2. Corps à corps. La scène se passe dans un magasin de dégriffe, où les articles sont entassés dans des

bacs portant comme étiquette un ou plusieurs noms de marque et un prix. Ici les pyjamas, là les t-shirts, plus loin les soutien-gorge, sur un portant des jupes et pantalons ; et partout, des mains qui s'agitent et qui fouillent scrupuleusement, au plus près des articles, le regard à l'affût, rapidement. Elles soulèvent, entrevoient, reposent un peu plus loin, repoussent, écartent, défont des tas et en refont d'autres, tirent sur les cintres... Certains entassent sur leurs bras les articles à essayer plus tard, car il faut faire la queue pour avoir accès aux cabines d'essayage, d'autres sortent sans rien avoir trouvé.

3. Distanciation. Dans un magasin de bijoux fantaisie, une jeune fille avec son sac à dos fait face au

rayon des boucles d'oreille, les contemple, les scrute, en retrait, et avance de temps en temps la main vers l'une d'elle qu'elle effleure – surtout vers les modèles en anneaux. Au bout d'un certain temps, elle saisit un modèle, l'observe de près et se dirige vers la caisse.
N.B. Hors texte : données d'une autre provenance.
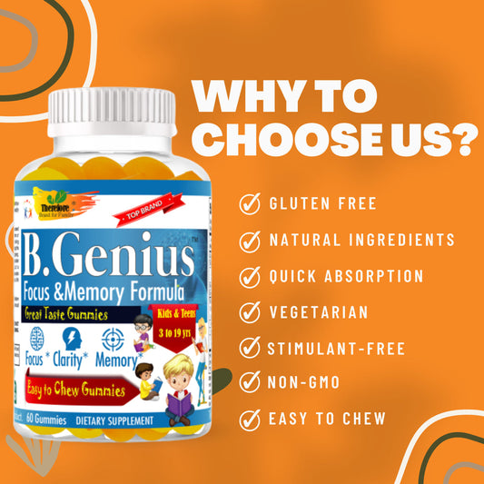 B.Genius Brain Booster Supplement & Brain Support Gummy Vitamins for Kids & Teens, Focus Gummies for Kids
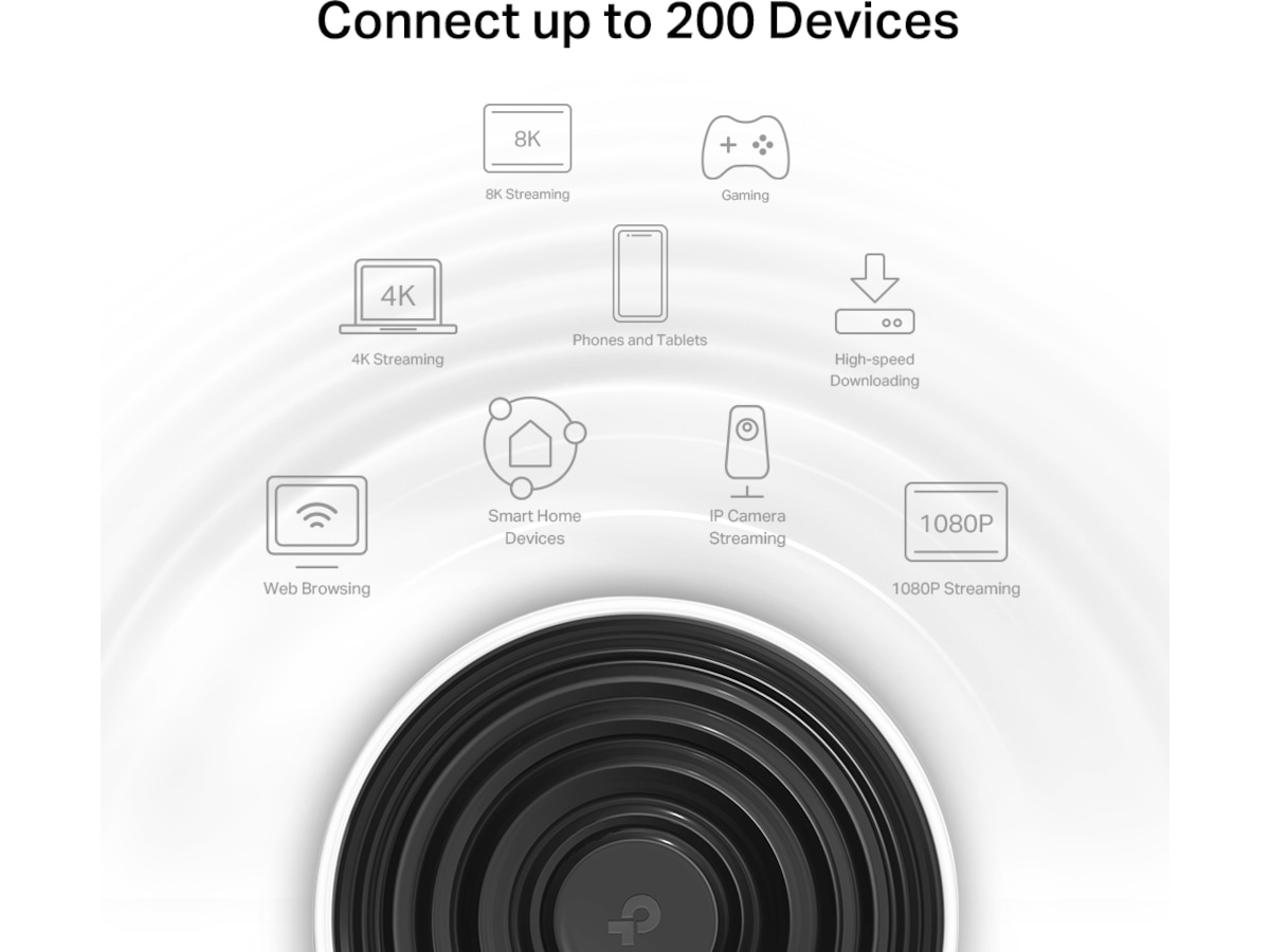 • Ekte tri-band-hastighet - Alle tre WiFi-båndene fungerer sammen for å frigjøre nettverkets totale hastigheter på opptil 5400 Mbps for 200 enheter
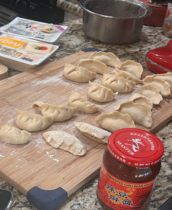同学们还与美国住家一同体验了中国的春节传统美食——饺子。春节是家庭团聚的时刻,而这次同学们邀请了住家一家人一同参与包饺子的过程,向他们介绍了饺子的历史和寓意,讲述了春节吃饺子象征着团圆和好运的传统。大家围坐在厨房中,一起学习如何擀饺子皮、调馅料、包饺子。美国住家的成员对这种手工制作食物的方式感到十分新奇,尝试用不同的手法包出各式各样的饺子,尽管形状各异,但都充满了乐趣和对中国文化的探索精神。
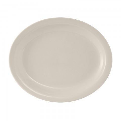 Platter, 9-1/2" x 7-1/2", oval, narrow rim, microwave & dishwasher safe, oven proof, fully vitrified, lead-free, ceramic, Nevada, American White/Eggshell
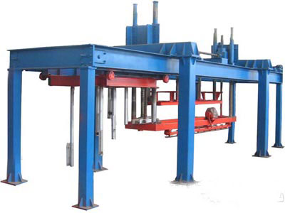 在加氣混凝土設備砌塊切割工藝中,翻轉吊具將模具凌空翻轉90度后脫模將坯體及側板一同至于切割臺上,啟動縱向切割裝置的行走電機對坯體進行側面切及 上、下水平分層階梯切割,在切割后行走至暫停位置,橫向切割裝置通過電機帶動行走至切割位后,啟動橫切架上、下垂直工作電機,橫切家自上而下,此時,擺動 電機啟動,并對坯體進行雙向交錯拉鋸式擺動,從而對批體進行上下垂直切割。在橫切架復位后(即切割完畢),橫向切割裝置繼續前行至暫停位。(待切割好的坯 體及側板經半成品吊具吊至蒸養小車,進行編組入釜蒸養出成品。)橫向縱向切割裝置行至初始位置。以此類推,周而復始,從而實現對坯體的切割。
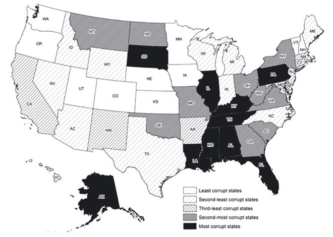 Public corruption for each state was ranked based on 25,000 convictions between 1976 and 2008. Overall, the authors found, the 10 most corrupt states spend $1,300 more per person annually than the average state.
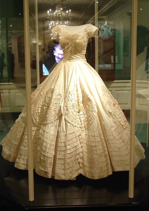 Jacqueline Bouvier’s wedding dress, worn when she married John F. Kennedy in 1953, remains iconic in bridal fashion history.
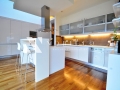 Penthouse is located on the top floor of the building, has a useful surface of 250 sqm and a total surface of 375 sqm. The apartment is divided into: living room 60 sqm, 3 bedrooms, partially open kitchen, 3 bathrooms and 2 terraces in surface of 75 sqm. Penthouse has direct access from the elevator and is positioned on the entire 4th floor, benefits of premium class finishes, and the kitchen is fully furnished and equipped.
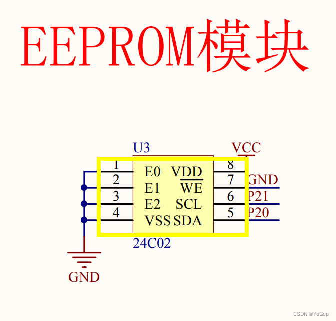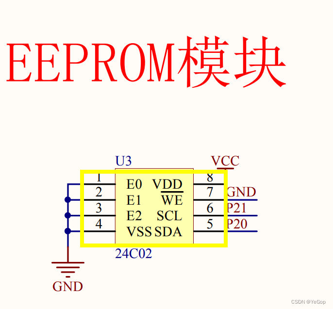 这里写的是EEPROM,其实就是我们前面所说的E2PROM,电可擦除编程ROM,这里的这个引脚好像和前面标注的不太一样,其实是一样的,只是不同的工程师对它有不同的命名罢了
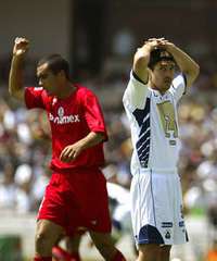 Ampliar la imagen Mientras Edgar Due� del Toluca, celebra la anotaci�el puma Marioni se lamenta FOTO Ap Foto: Ap

Texte 22. Trois situations de face à face corps/objet

La mise en regard des deux premiers textes montre que l'ambiance du magasin joue un certain rôle, car les dispositifs spatiaux adoptés pour la présentation des objets, bien distingués et séparés les uns des autres, ou en fouillis, amènent (sans imposer) des gestuelles différentes. Les dimensions personnelles ne sont pas négligeables non plus : la timidité de la jeune fille du troisième texte montre qu'elle n'est pas à l'aise pour faire du shopping seule dans ce magasin ; l'utilitarisme de l'homme du premier texte n'est peut-être pas sans rapport avec une conformité nécessaire au rôle masculin qui l'amène à afficher une attitude détachée vis-à-vis de ces instruments de l'apparence. Source : Mélina Germes, Notes de terrain, 2003-2007.

Les expériences de shopping se distinguent selon l'implication sensorielle et motrice des personnes, selon qu'elles se mettent à distance ou qu'elle s'immergent dans leur environnement. Contrairement à ce que l'on pouvait croire, l'expérience n'est pas produite par le seul individu, entièrement maître de ce qui lui arrive. Elle n'est pas non plus produite par le seul contexte du lieu et des dispositifs spatiaux et sensoriels qui l'habitent. Elle est produite dans l'interaction entre l'ambiance et la personne ; et cette interaction met le corps individuel au centre de l'enjeu, tant en termes d'itinéraires et de déplacements qu'en termes de gestuelle.